Pouco faltava para o bater das cinco badaladas
no entardecer pachorrento da Baixa quando a quietude de modorra foi cortada
pelo som estridente das sirenes dos bombeiros. Três carros, um deles com
cisterna, ficaram estacionados no Largo do Paço do Conde. Um outro, um jipe dos
mais estreitos, impossibilitado de avançar pela ocupação parcial da via, ficou
retido na Rua das Padeiras. Vários bombeiros seguiram a pé e entraram num
prédio na Rua do Almoxarife, por cima da alfaiataria Montenegro. Segundo um dos
elementos dos soldados da paz, “tratou-se
de um foco de fumo intenso dentro de um micro-ondas”, num andar cujo
proprietário, alegadamente, não estaria presente. O alarme foi dado por duas
estudantes residentes no piso inferior e que se teriam apercebido do cheiro
intenso.
O CONTRASTE ENTRE OS
MEIOS E A ACESSIBILIDADE
Como se este pequeno rebate fosse um exercício
dos métodos de combate a incêndios, deu para ver que, por um lado, a Baixa é uma
preocupação constante para os socorristas, por outro, os meios satisfazem
melhor do que os acessos. As ruas estreitas e até algumas praças, num abuso dos
comerciantes que já vem de longe, estão a ser invadidas e ocupadas muito para
além do que o regulamento camarário permite. Pode até parecer que culpo a
fiscalização municipal por não actuar. Não é isso que pretendo. Até porque
adivinho que, muitas vezes, se não intervém é para não causar mais feridas no
comércio tradicional. Não tenho dúvida de que quem manda sabe muito bem que o
comércio tradicional, mesmo sem chama visível, há muito que arde em fogo lento
e se vai consumindo sem se ver. E esta passividade, a meu ver, deve ser
relevada. Escrevo bastante sobre o que se passa nesta zona velha e, talvez por
isso sendo tantas vezes injusto, adivinho o que é levar pancada por agir e
levar na mesma por não intervir. O problema é que as pessoas abusam. Está-lhes
na massa do sangue –eu também faço parte dos transgressores.
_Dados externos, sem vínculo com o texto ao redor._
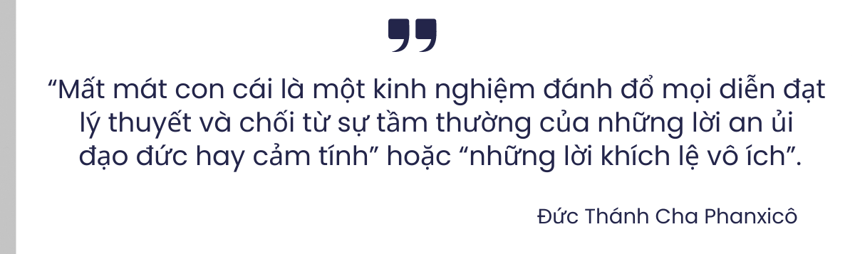 Nhận ra rằng những câu nói đạo đức mà các tín hữu thường dùng để an ủi những cha mẹ đang buồn sầu sẽ không giúp ích gì và thậm chí có thể khiến họ thêm đau khổ, Đức Thánh Cha khuyên rằng cách đáp lại tốt nhất là “noi theo cảm xúc và lòng xót thương của Chúa Giê-su trước nỗi đau,” không cố gắng giảm thiểu nỗi đau, nhưng cùng chia sẻ.
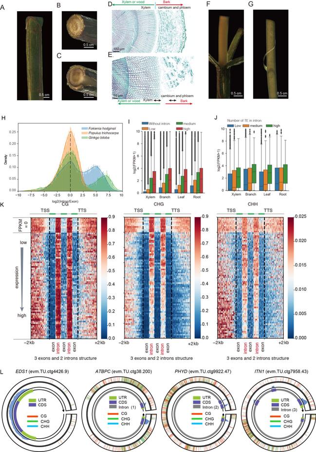 本研究使用了基于转录组的比对、预测以及同源搜索等方法共注释了50,521个蛋白编码基因。外显子的平均长度为269个碱基,内含子的平均长度为7,424个碱基。与被子植物进行比较观察到其较长的内含子(见图3)。同时内含子/外显子的长度与表达水平呈正相关。长内含子具有较高的TE插入频率。同时内含子中含TE的基因表现出较高的表达水平。这一结果表明,包含TE的内含子与mRNA表达有一定的相关性,这与之前在油松中的研究结果一致 (Niu et al., 2022)。对木质部进行的全基因组亚硫酸盐测序(BS-Seq)揭示了内含子区域的高DNA甲基化水平(图3)。包含内含子的基因具有较高的甲基化水平。相反单外显子基因显示出低甲基化水平。
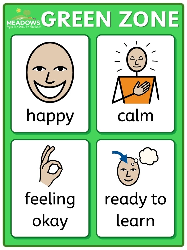 Green Zone: The Green Zone depicts calmness and the feeling of being in control. A person in the green zone may be described as content, focused or happy and certainly ready to learn.
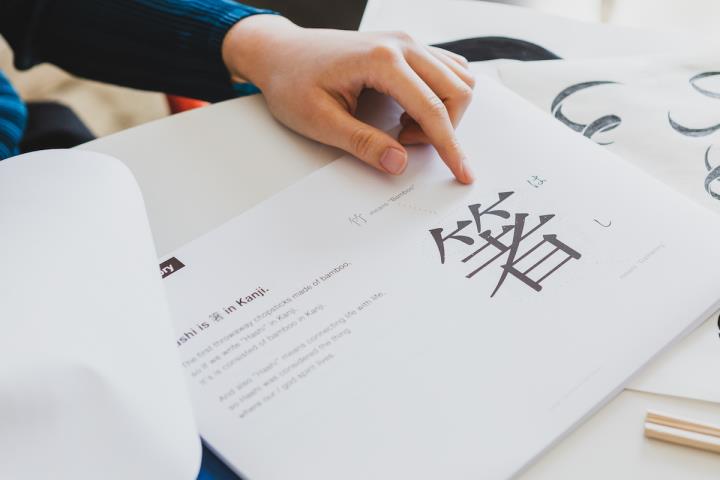 JanとJamesはイギリス人なので、箸の文化がどのような歴史を辿って日本に根付いてきたのか、あまり知りませんでした。まずはそういったルーツから共有する必要があると考えて、私自身、箸の歴史について入念に調べました。最古のお箸は竹で出来たもので、その後、木材を使ったお箸が中国で作られたそうです。日本では、聖徳太子によって送られた遣隋使が箸の文化を持ち帰ったことから広まり、割り箸は江戸時代から使われ始めたという歴史があることを知りました。他にも「箸」という漢字の「たけかんむり」は竹のルーツから来ているんじゃないか、「膳」という漢字の「にくづき」は人の体に使われる部首だから体と強く結びついていると考えられているんじゃないかなど漢字の成り立ち等も調べました。古来より箸は神事に使われてきたので、神道から来る日本人の“物を大事にする”精神とも結びつきが深いなど、いろいろな側面から「箸の文化」についてシェアしていきました。
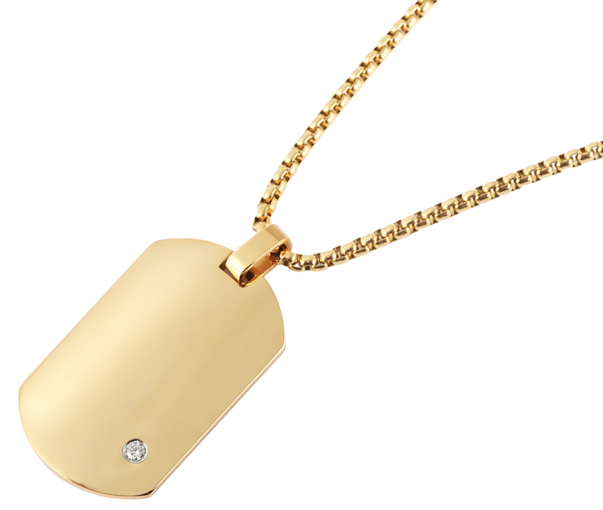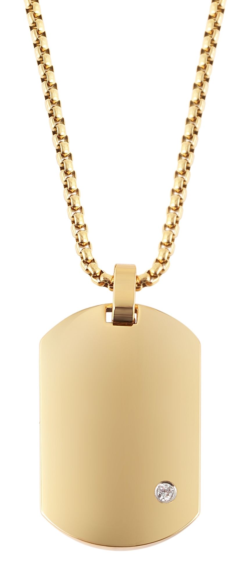 Productinformatie ""Saranja", Edelstahl Halskette, Simili, Dog Tag, goldfarben, gravurfähig, 61 cm"

Ao procurarem
desenrascar-se, de qualquer modo e jeito, olhando apenas para o seu umbigo, começam
por prejudicar o vizinho, obliterando todo o espaço visual do seu negócio, e
acabam a ser presumíveis concorrentes de uma tragédia anunciada.
DEUS QUEIRA QUE NÃO
HAJA NADA
O problema é se um dia destes um qualquer
incêndio, mal formado, sem contemplações e sem fumo, começa num destes prédios
velhos e lhe dá na veneta de querer mandar tudo para o Inferno. Esperemos que
Deus não durma e, lá do alto, olhe por nós. Mas, pelo sim, pelo não, vale mais
não confiar na sorte e deixar de Lhe colocar tudo sobre a sua alçada.
Basta dar uma volta pelas ruas estreitas para
verificar o que se está a passar. Claro que esta invasão também chegou às
praças, largos e ruas mais largas. Embora não impliquem a obstrução que se
adivinha nas outras ruelas, se calhar, em equidade e respeito por todos, também
precisam de uma medida disciplinadora. Acho que não devemos ser radicais. O
costume de colocar artigos em frente ao estabelecimento, por ventura, virá de
séculos recuados –há quem diga que somos herdeiros do hábito dos países do Norte
de África- e, por isso mesmo, não se deve varrer tudo de qualquer maneira e
feitio. Em nome de uma tradição, pelo menos que cada loja possa expor os seus
artigos junto à fachada e desde que não perturbe a circulação.
Para terminar, e como ressalva, gostava de
deixar aqui plasmado o quanto me custa escrever sobre isto. Era bom que não
fosse necessário e cada um chamasse a si a responsabilidade que lhe cabe. Mas,
por valores que se levantam, tenho mesmo de o fazer.